The answer should be an exact repeat of the stretch of material below from the line containing "These 14k Gold" through the line containing "Vintage Tropical Pair".
*** Begin section ***
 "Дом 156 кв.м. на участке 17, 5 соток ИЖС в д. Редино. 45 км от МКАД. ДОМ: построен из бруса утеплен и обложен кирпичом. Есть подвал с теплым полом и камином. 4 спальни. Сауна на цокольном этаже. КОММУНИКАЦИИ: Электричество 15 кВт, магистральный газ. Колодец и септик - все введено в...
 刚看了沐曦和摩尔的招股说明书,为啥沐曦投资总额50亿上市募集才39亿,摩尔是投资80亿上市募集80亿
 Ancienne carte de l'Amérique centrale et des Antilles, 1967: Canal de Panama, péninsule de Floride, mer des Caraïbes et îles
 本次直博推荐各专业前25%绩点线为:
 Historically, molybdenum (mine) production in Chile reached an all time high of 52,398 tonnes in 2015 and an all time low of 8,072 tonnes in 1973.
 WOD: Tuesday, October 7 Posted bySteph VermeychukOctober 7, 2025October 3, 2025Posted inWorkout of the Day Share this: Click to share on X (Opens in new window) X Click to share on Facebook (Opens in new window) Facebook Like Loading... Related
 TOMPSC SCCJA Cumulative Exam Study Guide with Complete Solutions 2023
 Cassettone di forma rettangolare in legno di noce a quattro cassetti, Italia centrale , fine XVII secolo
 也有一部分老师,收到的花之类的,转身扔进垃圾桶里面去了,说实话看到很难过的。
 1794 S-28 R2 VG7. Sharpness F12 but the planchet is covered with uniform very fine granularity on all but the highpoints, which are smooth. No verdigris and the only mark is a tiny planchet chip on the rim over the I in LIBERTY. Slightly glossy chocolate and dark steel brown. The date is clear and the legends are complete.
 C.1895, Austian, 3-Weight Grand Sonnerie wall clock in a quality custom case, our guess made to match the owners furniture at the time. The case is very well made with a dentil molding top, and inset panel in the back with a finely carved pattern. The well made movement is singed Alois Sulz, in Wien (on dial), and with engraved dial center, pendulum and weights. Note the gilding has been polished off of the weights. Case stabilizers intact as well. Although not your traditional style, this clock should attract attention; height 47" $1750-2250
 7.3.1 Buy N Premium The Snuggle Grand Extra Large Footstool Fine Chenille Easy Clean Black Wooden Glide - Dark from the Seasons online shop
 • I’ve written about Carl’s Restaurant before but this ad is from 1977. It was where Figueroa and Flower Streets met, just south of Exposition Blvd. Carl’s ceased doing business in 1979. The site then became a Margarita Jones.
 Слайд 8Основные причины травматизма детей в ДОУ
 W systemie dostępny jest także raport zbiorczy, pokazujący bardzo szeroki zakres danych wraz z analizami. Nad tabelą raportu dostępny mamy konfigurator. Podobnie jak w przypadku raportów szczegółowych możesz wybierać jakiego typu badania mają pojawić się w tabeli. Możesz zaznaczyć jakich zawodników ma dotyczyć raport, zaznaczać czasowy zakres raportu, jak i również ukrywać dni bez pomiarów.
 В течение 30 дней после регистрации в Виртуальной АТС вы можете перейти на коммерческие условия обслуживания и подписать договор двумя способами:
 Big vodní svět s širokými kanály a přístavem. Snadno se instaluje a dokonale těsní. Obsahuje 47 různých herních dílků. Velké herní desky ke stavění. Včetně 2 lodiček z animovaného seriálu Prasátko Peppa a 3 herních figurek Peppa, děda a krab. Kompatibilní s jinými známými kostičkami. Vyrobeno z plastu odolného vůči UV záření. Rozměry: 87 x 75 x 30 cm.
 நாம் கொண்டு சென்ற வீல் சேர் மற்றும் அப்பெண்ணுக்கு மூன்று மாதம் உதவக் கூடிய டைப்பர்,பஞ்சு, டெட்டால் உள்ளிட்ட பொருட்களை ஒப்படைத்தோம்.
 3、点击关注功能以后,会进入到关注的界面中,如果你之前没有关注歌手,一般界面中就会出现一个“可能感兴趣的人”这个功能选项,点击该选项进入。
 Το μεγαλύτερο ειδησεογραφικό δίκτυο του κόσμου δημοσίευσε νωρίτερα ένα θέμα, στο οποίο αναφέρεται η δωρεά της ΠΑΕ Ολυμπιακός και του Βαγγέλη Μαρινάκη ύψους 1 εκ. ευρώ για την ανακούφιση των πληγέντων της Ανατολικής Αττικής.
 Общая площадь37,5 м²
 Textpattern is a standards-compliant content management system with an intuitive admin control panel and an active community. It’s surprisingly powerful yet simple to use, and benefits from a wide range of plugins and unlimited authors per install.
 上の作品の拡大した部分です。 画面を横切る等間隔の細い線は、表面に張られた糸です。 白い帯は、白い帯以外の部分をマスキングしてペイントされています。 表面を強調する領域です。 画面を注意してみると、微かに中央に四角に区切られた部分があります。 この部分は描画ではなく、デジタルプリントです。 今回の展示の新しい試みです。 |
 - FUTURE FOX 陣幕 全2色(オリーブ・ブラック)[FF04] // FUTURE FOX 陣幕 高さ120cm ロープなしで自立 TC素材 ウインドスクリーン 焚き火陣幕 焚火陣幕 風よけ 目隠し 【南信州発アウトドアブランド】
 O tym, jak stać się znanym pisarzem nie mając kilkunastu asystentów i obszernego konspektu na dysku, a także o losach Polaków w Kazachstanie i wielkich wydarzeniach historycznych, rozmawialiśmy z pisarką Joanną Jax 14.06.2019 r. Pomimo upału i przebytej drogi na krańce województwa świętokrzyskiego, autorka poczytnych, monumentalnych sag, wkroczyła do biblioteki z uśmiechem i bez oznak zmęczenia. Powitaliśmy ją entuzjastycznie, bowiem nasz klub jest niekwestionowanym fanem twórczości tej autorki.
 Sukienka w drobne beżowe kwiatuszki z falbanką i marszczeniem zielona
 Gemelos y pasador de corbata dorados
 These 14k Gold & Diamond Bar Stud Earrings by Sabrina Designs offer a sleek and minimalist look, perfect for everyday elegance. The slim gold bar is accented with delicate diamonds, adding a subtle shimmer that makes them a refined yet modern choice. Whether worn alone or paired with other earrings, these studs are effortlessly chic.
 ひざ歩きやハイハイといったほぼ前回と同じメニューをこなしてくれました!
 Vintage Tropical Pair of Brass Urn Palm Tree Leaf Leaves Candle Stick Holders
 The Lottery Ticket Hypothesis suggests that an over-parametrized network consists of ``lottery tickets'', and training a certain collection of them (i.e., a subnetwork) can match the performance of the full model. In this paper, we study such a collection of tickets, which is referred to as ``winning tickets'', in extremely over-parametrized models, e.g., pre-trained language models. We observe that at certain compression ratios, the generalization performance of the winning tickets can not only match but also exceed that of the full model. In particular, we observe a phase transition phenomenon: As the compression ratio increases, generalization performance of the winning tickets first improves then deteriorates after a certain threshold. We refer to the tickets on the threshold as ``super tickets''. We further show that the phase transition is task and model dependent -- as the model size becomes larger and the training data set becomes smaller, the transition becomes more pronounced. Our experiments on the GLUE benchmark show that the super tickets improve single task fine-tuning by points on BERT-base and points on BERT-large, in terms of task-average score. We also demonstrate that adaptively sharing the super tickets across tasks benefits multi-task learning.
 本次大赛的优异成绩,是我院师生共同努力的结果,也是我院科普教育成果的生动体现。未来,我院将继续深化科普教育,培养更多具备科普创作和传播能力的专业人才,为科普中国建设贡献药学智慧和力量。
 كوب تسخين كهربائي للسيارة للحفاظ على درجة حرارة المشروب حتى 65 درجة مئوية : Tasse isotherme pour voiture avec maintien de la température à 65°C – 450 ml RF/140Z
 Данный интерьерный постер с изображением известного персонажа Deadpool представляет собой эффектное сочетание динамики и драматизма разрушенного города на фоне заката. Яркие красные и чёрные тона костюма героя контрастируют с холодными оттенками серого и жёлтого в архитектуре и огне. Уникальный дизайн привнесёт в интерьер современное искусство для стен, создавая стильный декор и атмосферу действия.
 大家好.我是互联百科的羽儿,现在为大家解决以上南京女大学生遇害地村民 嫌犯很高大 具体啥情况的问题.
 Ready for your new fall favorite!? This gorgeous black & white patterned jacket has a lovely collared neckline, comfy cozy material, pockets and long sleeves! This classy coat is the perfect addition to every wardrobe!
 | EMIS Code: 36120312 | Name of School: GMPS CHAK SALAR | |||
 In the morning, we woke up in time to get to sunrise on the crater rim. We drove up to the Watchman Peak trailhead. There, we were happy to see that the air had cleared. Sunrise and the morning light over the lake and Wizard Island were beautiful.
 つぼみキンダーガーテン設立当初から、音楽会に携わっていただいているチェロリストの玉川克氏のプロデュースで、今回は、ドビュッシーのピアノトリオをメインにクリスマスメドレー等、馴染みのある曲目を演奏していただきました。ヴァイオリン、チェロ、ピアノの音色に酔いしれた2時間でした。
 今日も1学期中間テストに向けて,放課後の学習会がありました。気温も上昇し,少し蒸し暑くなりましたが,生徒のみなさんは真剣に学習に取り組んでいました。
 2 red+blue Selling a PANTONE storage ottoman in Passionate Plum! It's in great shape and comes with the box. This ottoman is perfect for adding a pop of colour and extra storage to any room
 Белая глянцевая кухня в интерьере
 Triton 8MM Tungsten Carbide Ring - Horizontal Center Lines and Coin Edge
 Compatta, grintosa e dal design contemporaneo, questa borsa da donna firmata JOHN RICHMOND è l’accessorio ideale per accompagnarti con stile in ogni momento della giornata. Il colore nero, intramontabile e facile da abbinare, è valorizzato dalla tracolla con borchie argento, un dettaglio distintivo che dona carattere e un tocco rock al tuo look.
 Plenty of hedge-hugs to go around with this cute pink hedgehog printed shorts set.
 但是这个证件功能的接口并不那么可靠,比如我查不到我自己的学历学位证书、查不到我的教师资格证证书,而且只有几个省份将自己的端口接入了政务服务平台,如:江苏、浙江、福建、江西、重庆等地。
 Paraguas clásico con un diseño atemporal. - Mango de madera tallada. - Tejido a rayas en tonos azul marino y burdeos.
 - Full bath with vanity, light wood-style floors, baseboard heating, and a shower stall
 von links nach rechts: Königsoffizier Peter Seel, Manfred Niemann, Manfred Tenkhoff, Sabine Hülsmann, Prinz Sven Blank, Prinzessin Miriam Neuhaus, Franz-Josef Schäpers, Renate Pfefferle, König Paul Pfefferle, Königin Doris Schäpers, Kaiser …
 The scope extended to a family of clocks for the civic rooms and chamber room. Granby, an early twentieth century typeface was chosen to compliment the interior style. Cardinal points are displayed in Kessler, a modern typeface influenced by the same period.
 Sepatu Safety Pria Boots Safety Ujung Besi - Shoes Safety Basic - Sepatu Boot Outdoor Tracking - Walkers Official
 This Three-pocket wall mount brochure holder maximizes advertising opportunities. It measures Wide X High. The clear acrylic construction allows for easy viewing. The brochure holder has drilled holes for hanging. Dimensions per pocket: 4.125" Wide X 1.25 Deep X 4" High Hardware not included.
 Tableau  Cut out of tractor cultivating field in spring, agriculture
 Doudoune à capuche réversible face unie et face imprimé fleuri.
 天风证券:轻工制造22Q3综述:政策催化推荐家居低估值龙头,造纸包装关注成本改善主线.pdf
*** End section ***
### Result below
 These 14k Gold & Diamond Bar Stud Earrings by Sabrina Designs offer a sleek and minimalist look, perfect for everyday elegance. The slim gold bar is accented with delicate diamonds, adding a subtle shimmer that makes them a refined yet modern choice. Whether worn alone or paired with other earrings, these studs are effortlessly chic.
 ひざ歩きやハイハイといったほぼ前回と同じメニューをこなしてくれました!
 Vintage Tropical Pair of Brass Urn Palm Tree Leaf Leaves Candle Stick Holders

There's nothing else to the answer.